黎菲禹能清晰地感覺到,一股比之前溫養術更溫潤、更磅礴的暖流,從許穆臻的懷抱裡湧入自己體內。這股暖流不似靈力般帶著衝擊感,反倒像春日融化的溪流,緩緩淌過四肢百骸,修複著她過往修煉留下的細微經脈損傷,連丹田處都泛起暖暖的癢意,像是有什麼東西在悄悄滋長。
“這是……”
黎菲禹抬起頭。
另一個許穆臻鬆開些許懷抱,騰出一隻手從懷中摸出一個瑩白的藥瓶
——
瓶身雕著細碎的雲紋,瓶口縈繞著淡淡的靈氣,一看就不是凡品。他將藥瓶輕輕塞進黎菲禹掌心,指尖與她的指尖相觸,帶著一絲微涼:“離開這片秘境後服下,能幫你突破到大乘期並穩固大乘期修為。”
黎菲禹緊緊攥著藥瓶,冰涼的瓶身讓她瞬間清醒
——
這是他留給自己最後的守護。
七彩光芒越來越盛,幾乎要將兩人的身影完全籠罩。另一個許穆臻看著她泛紅的眼眶,伸手輕輕捏了捏她的臉頰,語氣帶著幾分熟悉的調侃,試圖衝淡離彆的沉重:“以後要照顧好自己啊……”話還沒說完,他的身影就開始變得透明,七彩光芒中,他的輪廓漸漸化作點點流光。

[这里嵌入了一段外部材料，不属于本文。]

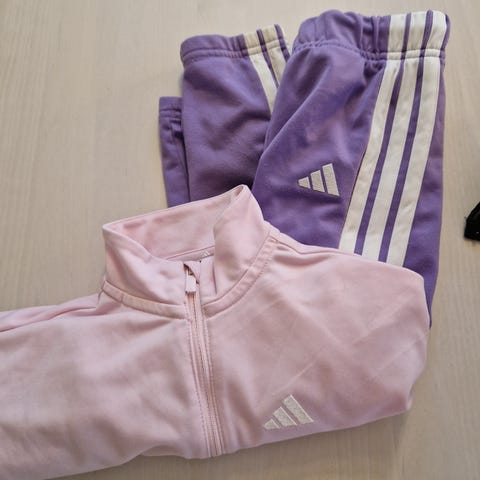 Käytettynä meille ostettu Adidaksen musta verkkapuku koossa 98. Hieman pehmentymää housuissa pepun ja polvien kohdalla, mutta ei reikiä. Vielä oikein toimiva setti seuraavalle.
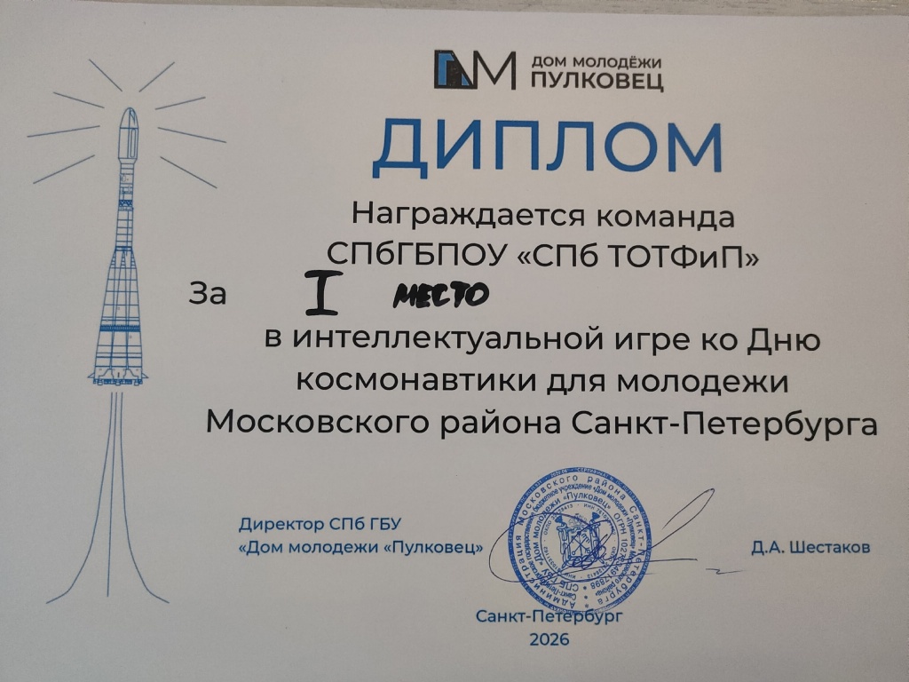 14 апреля команда студентов ТОТФиП приняла участие в районной интеллектуальной игре ко Дню космонавтики в Доме молодежи "Пулковец"
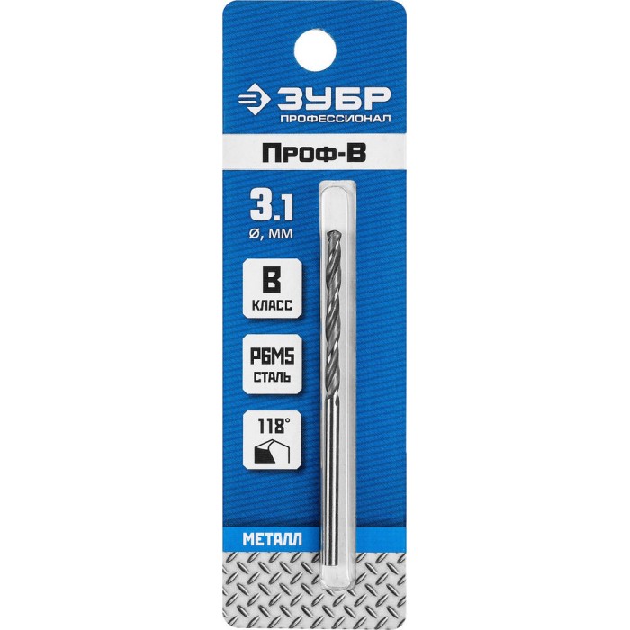 Сверло по металлу 3.1 x 65 мм сталь Р6М5 класс В ЗУБР ПРОФ-В Профессионал 29621-3.1

黎菲禹伸手想抓住他,指尖卻隻穿過一片溫暖的光粒。“許穆臻!”
她輕聲喊他的名字,聲音帶著點哽咽,卻沒有哭出聲。
光芒徹底消散,林間又恢複了最初的模樣
——
晨霧未散,草木清潤,野薔薇的香氣縈繞鼻尖,隻有掌心的藥瓶和體內殘留的暖意,證明剛才的擁抱與離彆不是幻覺。
黎菲禹站在原地,低頭看著掌心瑩白的藥瓶,愣了好一會兒,才忍不住翻了個白眼,嘴角卻悄悄勾起一抹又氣又甜的弧度:“把人家弄濕就跑,真是個混蛋。”